Owners: Terry and Katrina Willems

Location: Scranton, Ark.

History: “We opened our business in August 2017,” owner Terry Willems said. “Before that, I worked for Southwest Energy as a driller and night rig manager. When Katrina and I had three children, I discovered I was bored and tired of being a long way from home for three weeks at a time. I wanted to work for myself and earn the fruits of my own labor. I knew about poultry cleanout because I helped my dad when I was a kid. A family friend named Tom Crane was in the cleanout business when I was helping my dad and was getting ready to retire. We bought used equipment from him, including a de-caker he built that allowed de-caking, loading the truck and spreading in one operation. I worked with him and another cleanout service to learn how the process changed over the years. I soon learned some customers want serviced according to a regular schedule, such as every six or eight weeks and a full cleanout once a year for most farms. Others prefer to call ahead once they have a firm date when the birds will be collected for processing so we can schedule them for de-caking, windrowing or the annual clean out. I soon had enough contacts to open up our business with Katrina taking care of scheduling and office work and me cleaning. When I need help during the busy season, my brothers, Tim and Toby, and nephew, Sam, are available to help me. We now have 25 active customers through the year and two new sets of equipment to keep pace with customer needs.”

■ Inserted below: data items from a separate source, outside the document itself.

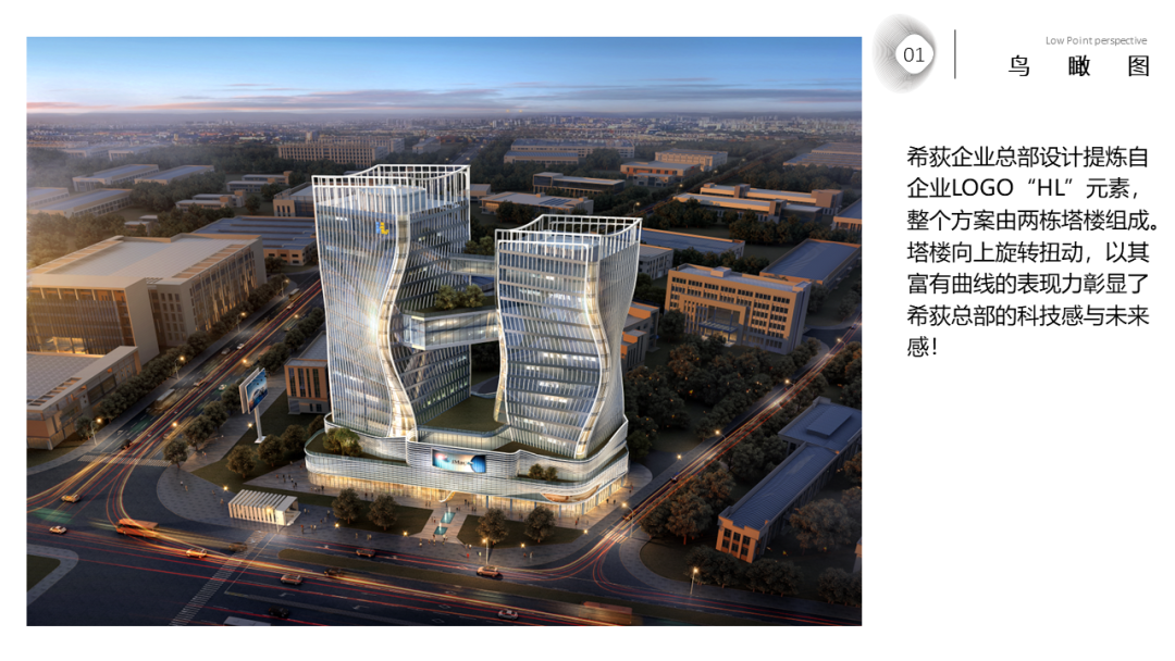 希荻微企业总部设计提炼自企业Logo“HL”元素,整个方案有两栋塔楼组成,塔楼向上旋转扭动,以其富有曲线的表现力彰显了希荻微总部的科技感和未来感。
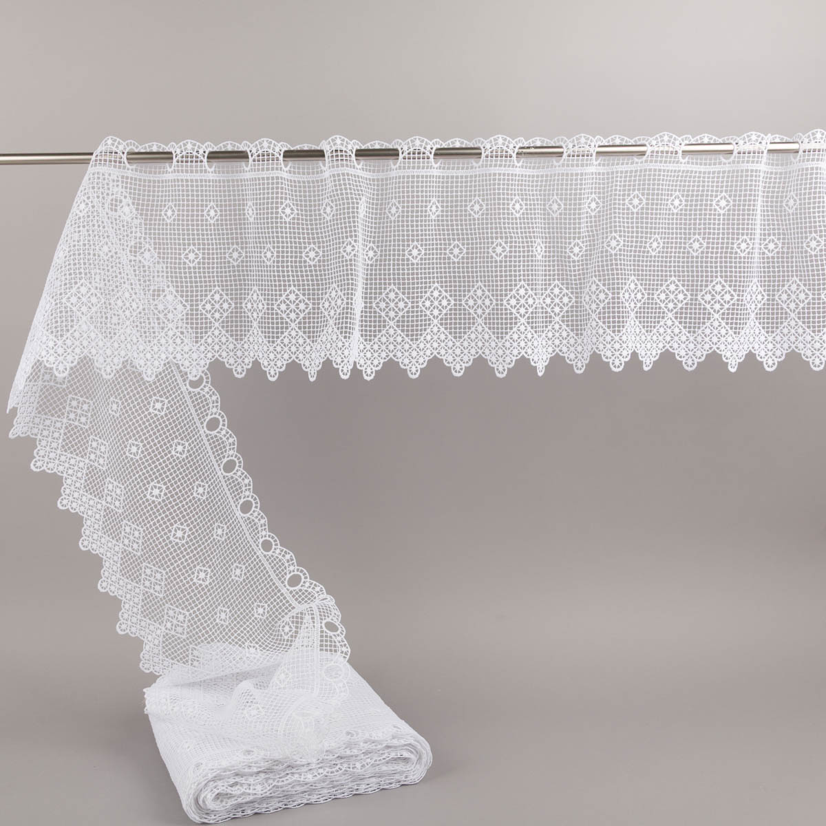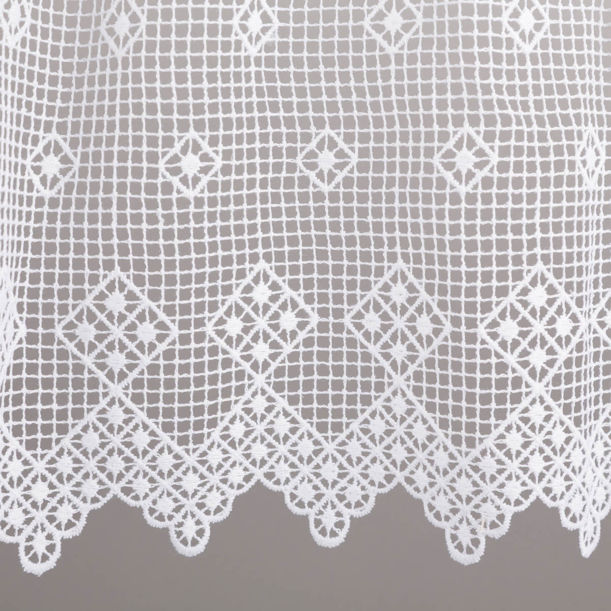 Weiße Scheibengardine aus feiner Häkelspitze mit dekorativer Stickerei und klassischem Pik-Karo-Muster für eine charmante Fensterdekoration
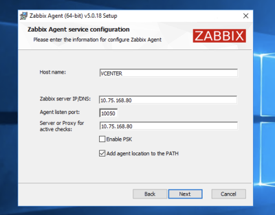 Définissez le “Nom d'hôte (Host name)” personnalisé ou utilisez le nom de domaine pleinement qualifié (FQDN) de la machine Windows dans le champ “Host Name”. Ensuite, entrez l'adresse IP du serveur Zabbix dans les champs “Zabbix server IP/DNS” et “Server or Proxy for active checks” et vous avez terminé.
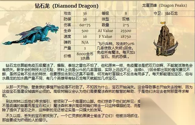 钻石龙比起金龙来,提升特性也不算是特别变态的一个。 原本免疫4级魔法终于变成了免疫5级,不过这个提升似乎也不是特别有用。 每天增加1个宝石,这个的确有点价值,但也不是特别大。 攻击时50%概率让敌人失明3回合......这个特性的作用就很大了。比起独角兽已经翻了一倍的概率。 再加上通用的抵抗恐惧,整体来讲钻石龙的特性提升和神圣大天使类似,都属于有用很强,但是和最厉害的比还差一些。
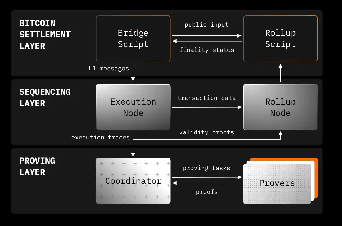排序层: 本层由一个协调器组成,它负责将证明任务分配给证明者,并将生成的证明传递给 Rollup 节点,以便在比特币上完成验证。它还包括一个证明者池,负责生成验证 L2 交易正确性的有效性证明。

Services: “I clean out one house per day sometimes selling, delivering and spreading the litter for other farmers, though other times the producer uses the litter on his own fields. Occasionally I will help a producer sell the litter. I can de-cake two or three houses a day, depending upon size and the quantity of litter. The process allows them to retain the bedding with bad bacteria being cooked out which decreases annual bedding costs. I then come back to spread the windrows throughout the house making sure the floors are level, which is easier on watering and feeding equipment. In turkey houses, I de-cake the whole house and then clean out the back area for new bedding for brooding before the young turkeys are allowed full range when they are older with better immune systems.”

Philosophy and Future: “Our business has prospered, and I think it’s because I let my work speak for itself. The producers’ success is our success so we strive to meet the individual needs of each producer rather than using a set system all of the time. An example is more time-consuming windrowing instead of cleaning out when I leave enough material in the house for a minimum bed so producers save on bedding costs. We are planning to build a shop for maintenance and to build our own equipment like Mr. Crane did. It will also include storage for the equipment and leave room for growth so we’re ready if and when that occurs. One goal, of course, is that someone in the family will eventually take over and continue to help people the way we do.”